▶ **Data extract**:
_____

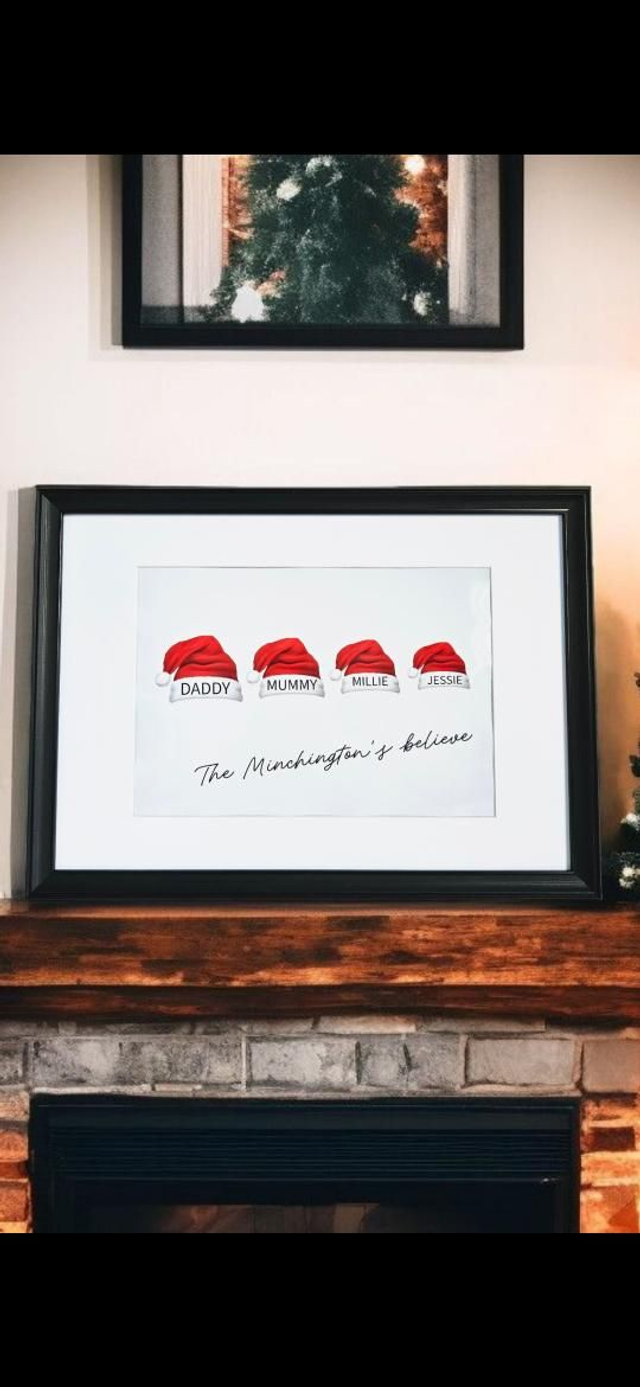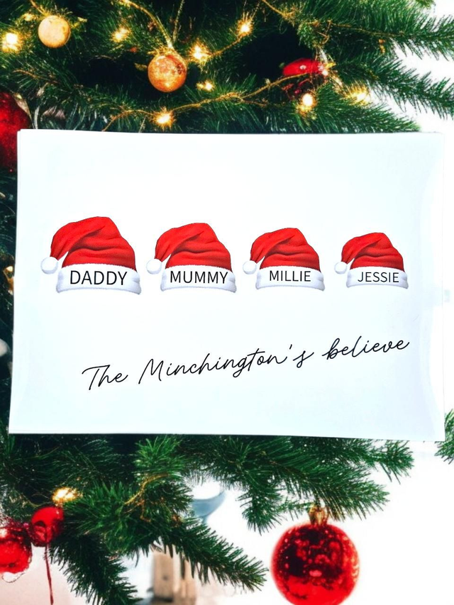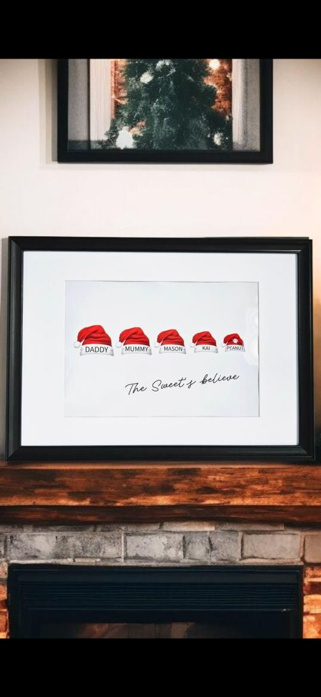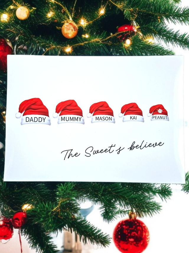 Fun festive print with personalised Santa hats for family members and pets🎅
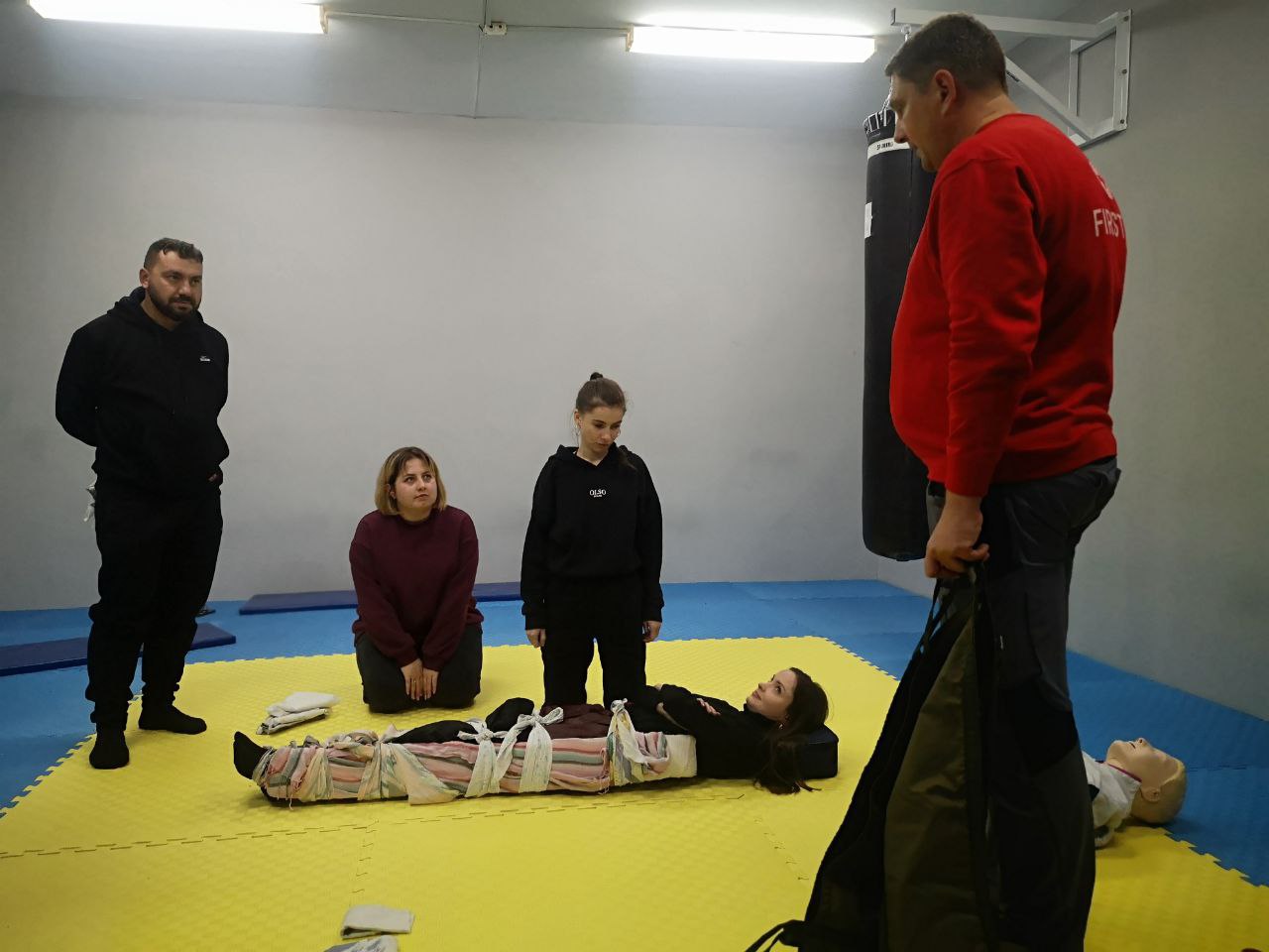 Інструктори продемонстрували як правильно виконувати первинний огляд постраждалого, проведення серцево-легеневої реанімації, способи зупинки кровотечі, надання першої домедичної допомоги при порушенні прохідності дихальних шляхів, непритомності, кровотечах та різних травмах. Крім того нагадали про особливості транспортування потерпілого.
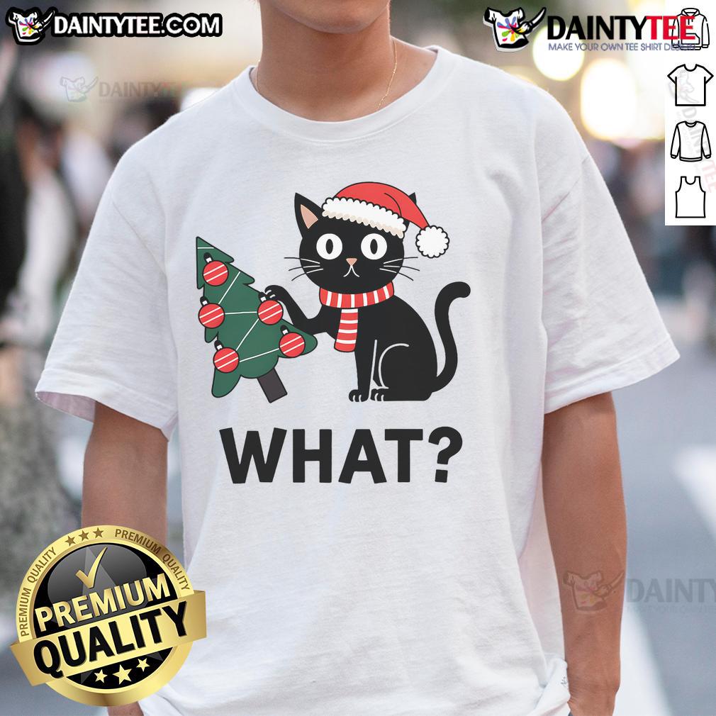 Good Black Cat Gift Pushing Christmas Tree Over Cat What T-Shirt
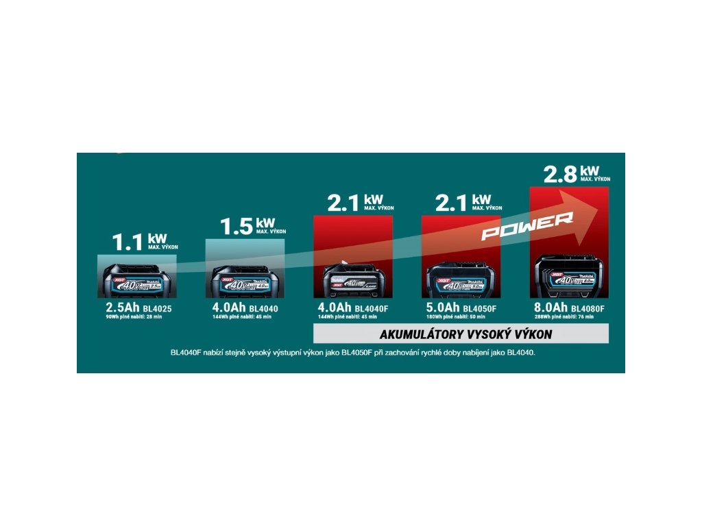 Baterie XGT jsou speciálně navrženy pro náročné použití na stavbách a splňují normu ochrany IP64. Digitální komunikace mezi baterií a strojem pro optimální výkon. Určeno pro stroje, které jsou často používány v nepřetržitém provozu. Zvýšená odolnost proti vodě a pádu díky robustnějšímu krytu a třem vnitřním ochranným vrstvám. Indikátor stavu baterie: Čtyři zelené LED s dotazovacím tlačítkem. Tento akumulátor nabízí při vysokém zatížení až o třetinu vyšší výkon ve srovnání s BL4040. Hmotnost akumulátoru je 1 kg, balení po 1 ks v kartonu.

_____

▶ **Aim of the task**: An exact copy is needed of the lines from the start of the listing through the line with "Good Black Cat", both end lines included and pictures excluded.

▶ **Response below**:
 Fun festive print with personalised Santa hats for family members and pets🎅
 Інструктори продемонстрували як правильно виконувати первинний огляд постраждалого, проведення серцево-легеневої реанімації, способи зупинки кровотечі, надання першої домедичної допомоги при порушенні прохідності дихальних шляхів, непритомності, кровотечах та різних травмах. Крім того нагадали про особливості транспортування потерпілого.
 Good Black Cat Gift Pushing Christmas Tree Over Cat What T-Shirt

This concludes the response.